Initial sequencing and comparative analysis of the mouse genome.

Abstract: The sequence of the mouse genome is a key informational tool for understanding the contents of the human genome and a key experimental tool for biomedical research. Here, we report the results of an international collaboration to produce a high-quality draft sequence of the mouse genome. We also present an initial comparative analysis of the mouse and human genomes, describing some of the insights that can be gleaned from the two sequences. We discuss topics including the analysis of the evolutionary forces shaping the size, structure and sequence of the genomes; the conservation of large-scale synteny across most of the genomes; the much lower extent of sequence orthology covering less than half of the genomes; the proportions of the genomes under selection; the number of protein-coding genes; the expansion of gene families related to reproduction and immunity; the evolution of proteins; and the identification of intraspecies polymorphism.
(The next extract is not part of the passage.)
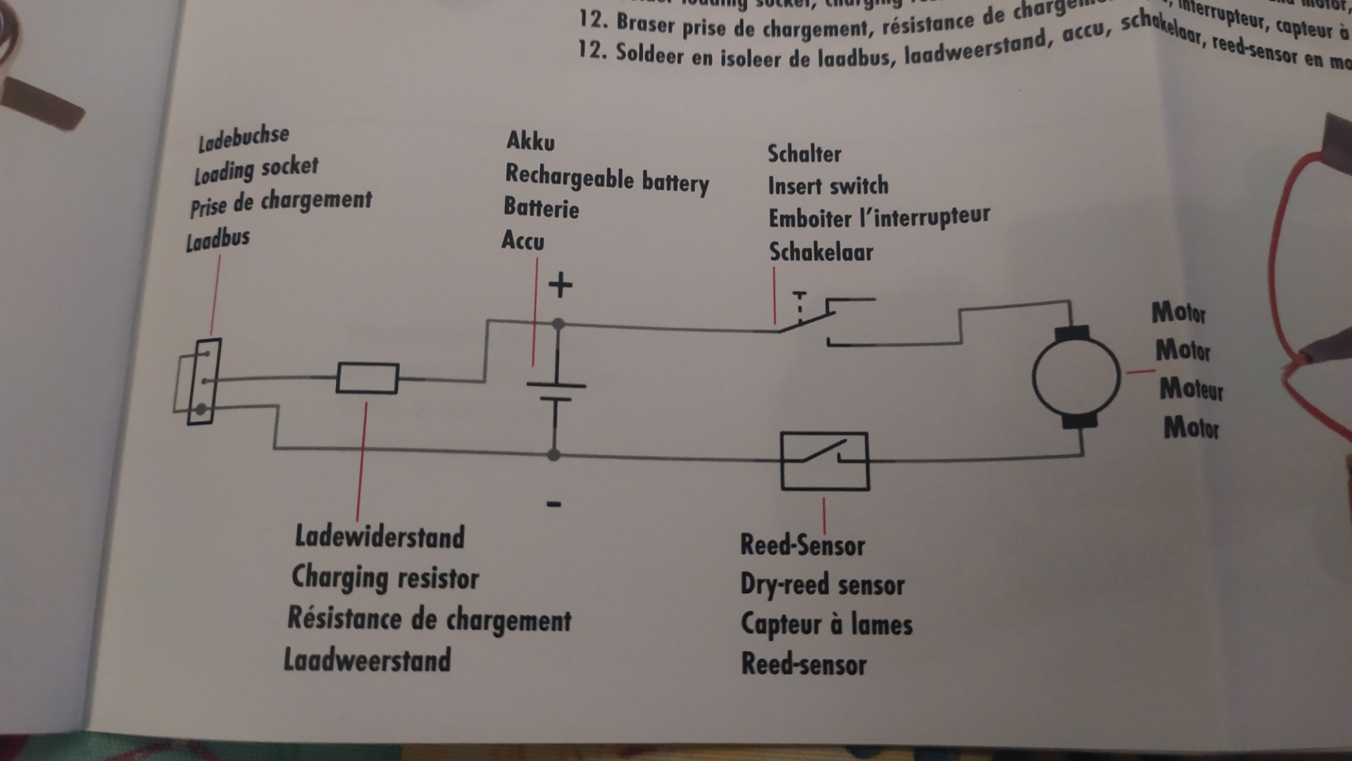In figura è possibile vedere che l'interruttore ed il reed sono collegati sui fili di alimentazione tra batteria e motore.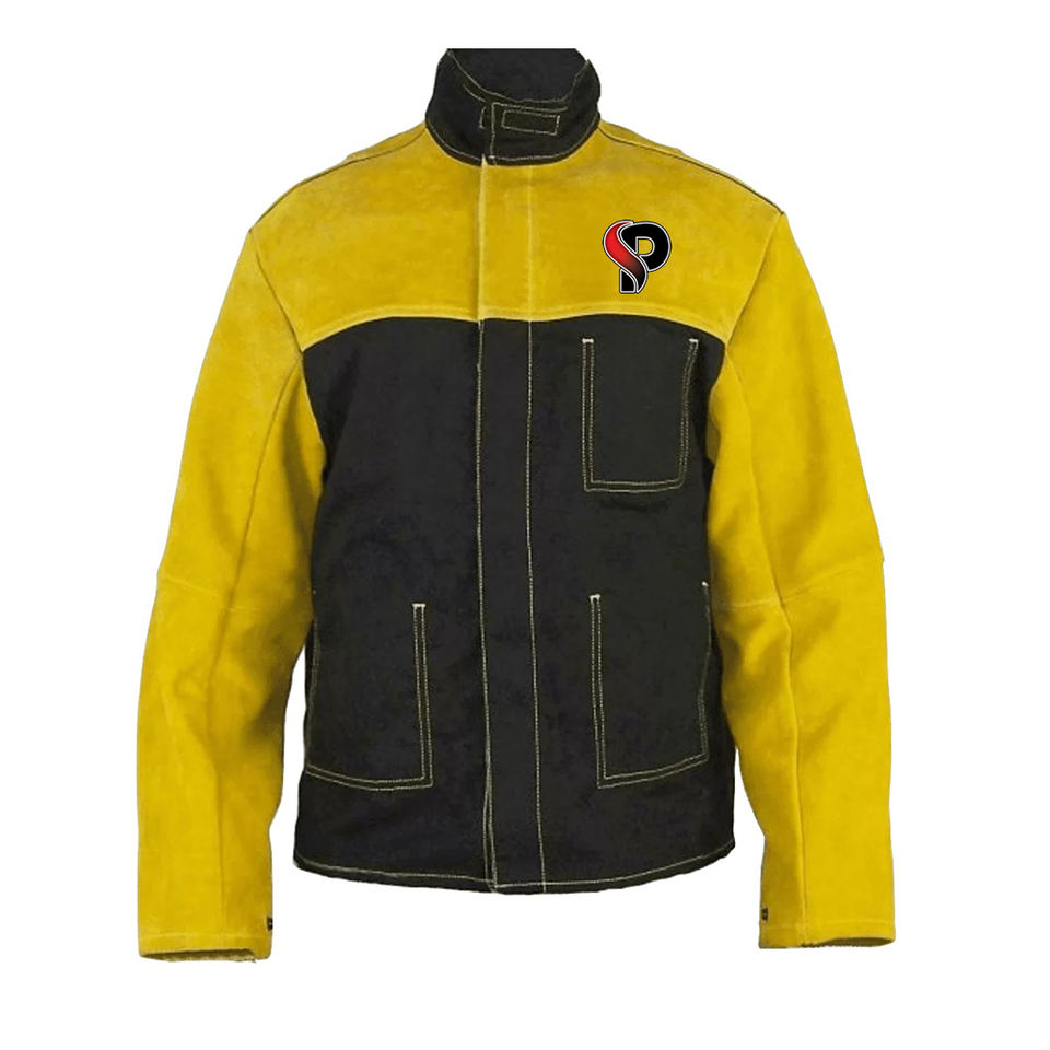 Chaqueta de soldadura de cuero amarillo y azul unisex chaquetas de seguridad de trabajo de cuero de vaca dividida resistente para soldadores chaquetas de seguridad

Modern Applied Statistics With S

Abstract: Thank you very much for downloading modern applied statistics with s. As you may know, people have search hundreds times for their favorite readings like this modern applied statistics with s, but end up in harmful downloads. Rather than reading a good book with a cup of coffee in the afternoon, instead they cope with some harmful virus inside their laptop. modern applied statistics with s is available in our digital library an online access to it is set as public so you can download it instantly. Our digital library saves in multiple countries, allowing you to get the most less latency time to download any of our books like this one. Kindly say, the modern applied statistics with s is universally compatible with any devices to read.